There are so many things that you can actually learn about the experience of humans from “No Sugar” by Aboriginal playwright Jack Davis. Davis’ text is set in Western Australia in 1929, around the time that the Great Depression hit and crippled the nation, the White Australia policy being a widespread belief within white communities with the passing of the Immigration Restriction Act of 1901, and the forced removal of Indigenous children from their families in the Stolen Generation during 1920-1970. The play has a harrowing undertone achieved by graphic descriptions of marginalisation, told from the perspective of the Indigenous Millimurra and Munday families. The Millimurra family themselves are a synecdoche for the experience of all Aboriginal people, with the plot outlining the extent of power the government has over the marginalised group, meanwhile undermining it with carefully thought-out humour and irony. It explores the effects of post-colonialism on Australia as a whole, after white European settlement in 1788.
Human experience is something that is hard to resolve into a small blog post, such as this one. To simply put it, human experience is the experience of humans. Summarising “No Sugar”, the main points of human experiences from the point of view of Aboriginal Australians can be compressed into these labels: racism, violence, misogyny, and assimilation. However, with racism being the main motif, it can easily be interlinked to the other labels. While the play itself can teach us a lot about human experience of Indigenous Australians in the early 20th century, it’s important to remember that Jack Davis provides very authentic descriptions due to being based on real events.
You really start to get a vivid depiction of violence perpetrated by white superiority towards Aboriginals in Act Two, Scene Six. Billy, in conversation around a campfire, explains the horrors of when he had to witness the massacre that killed most of his tribe in the quote, “Gudeeah bin kill ‘em. Finish, kill ‘em. Big mob, 1926, kill ‘em big mob my country.” Looking back through the history of Australia regarding Indigenous people, it becomes easy to notice the deplorable trend of violent attacks from white superiority. The Myall Creek Massacre on 10th June 1838 involved a group of white settlers who murdered 28 Aboriginal men, women and children near Myall Creek Station in northern New South Wales. Seven of the killers were tried and hanged. This massacre serves as a reminder of the nation’s colonial violence towards Aboriginal people.

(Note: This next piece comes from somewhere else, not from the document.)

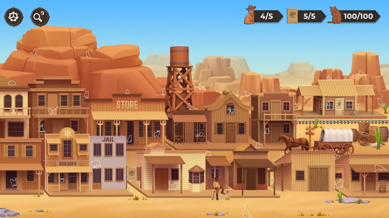 Cat Search In The Wild West: Walkthrough 100% January 9, 2024 by NealS This guide allow you to find all cats. Walkthrough Don’t use hints for get all achievements. Outlaws cats are random in each playthrough. Note: Please click the image to enlarge it!
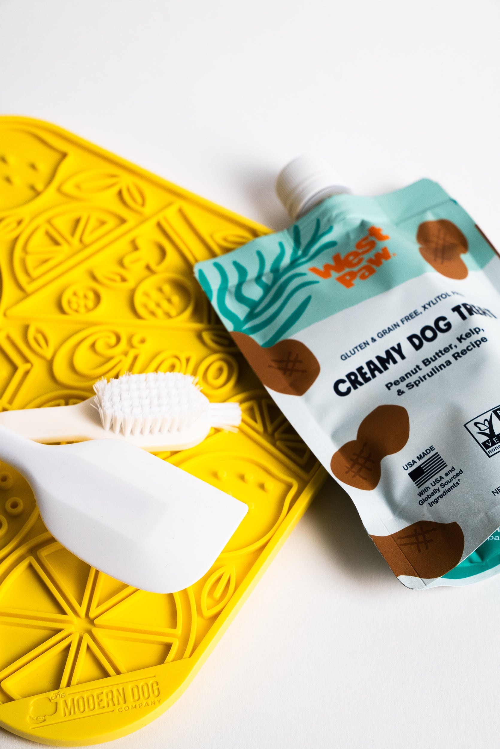 Includes: 1 lick mat & 1 spatula & 1 Scrub Brush (west paw peanut butter not included)

The extreme racism expressed through the actions of white settlers set the grounds for a lack of respect towards Aboriginal women. These women experienced sexism to the extreme of misogyny. Jack Davis’ play highlights this when Mary tells the story of another Aboriginal girl who was sent away to work for a white man (“gudeeah”), then was sent back because she was raped and got pregnant. After giving birth, her baby was forcibly removed from her and killed, evidenced in the quote from Act Two, Scene Four, “And when she had that baby them trackers choked it dead and buried it in the pine plantation.” The Chief Protector of Aboriginals, A. O. Neville, believed that they were incapable of raising their own children themselves in their culture. This belief is what led to the Stolen Generation, a generation of children who were removed from their families and placed with white families. Neville is quoted as saying, “The native must be helped in spite of himself”. The 1905 Aborigines Act had a firm, controlling grip on almost all aspects of Indigenous lives. For those unfortunate enough to be born women, however, there were further restrictions, such as: choice of marriage partners, sexual contacts, and their rights as mothers to raise children.
One of the most significant experiences in Aboriginal life during the 20th century was assimilation. Assimilation is defined by the expectation of fitting into the dominant culture, which in Australia’s context was the European culture brought over by the first settlers. Davis’ play actually makes quite a few symbolic references to assimilation in the very first Act alone! The characters David and Cissie are partaking in the traditionally western past time of cricket, followed by David excitedly making reference to a white Australian legendary cricketer, “Woolah! Don Bradman.” Other stereotypes of western culture that the Indigenous characters are participating in are the traditions of drinking tea and reading newspapers, such as the Western Mail. The language barrier as Joe struggles to read this paper aloud clearly shows just how difficult it can actually be for a completely different culture to adopt a new one. In context to being forced into changing cultural identity, it can once again be related back to the Stolen Generation. Indigenous children were removed from their biological families, so that they could be indoctrinated with white Australian ideals and culture. Many Aboriginal and “half-caste” children were sent to the Moore River Native Settlement against their will, which is also one of the main settings of the text.
So, long story short, this article has hopefully made it crystal clear just how unpleasant (to put it lightly) the human experiences of Aboriginals were. Thankfully, it isn’t common to see anything like these atrocities committed on the news as a common occurrence in today’s society. If there were any laws trying to be passed which aimed to oppress and control Indigenous Australians a fraction of the way they did a century ago, it is certain it would be met with a great deal of controversy. Anyhow, it is important to keep in mind that there are so many human experiences from Indigenous perspectives, and “No Sugar”, that this article only scratches the surface on what you can learn about these injustices.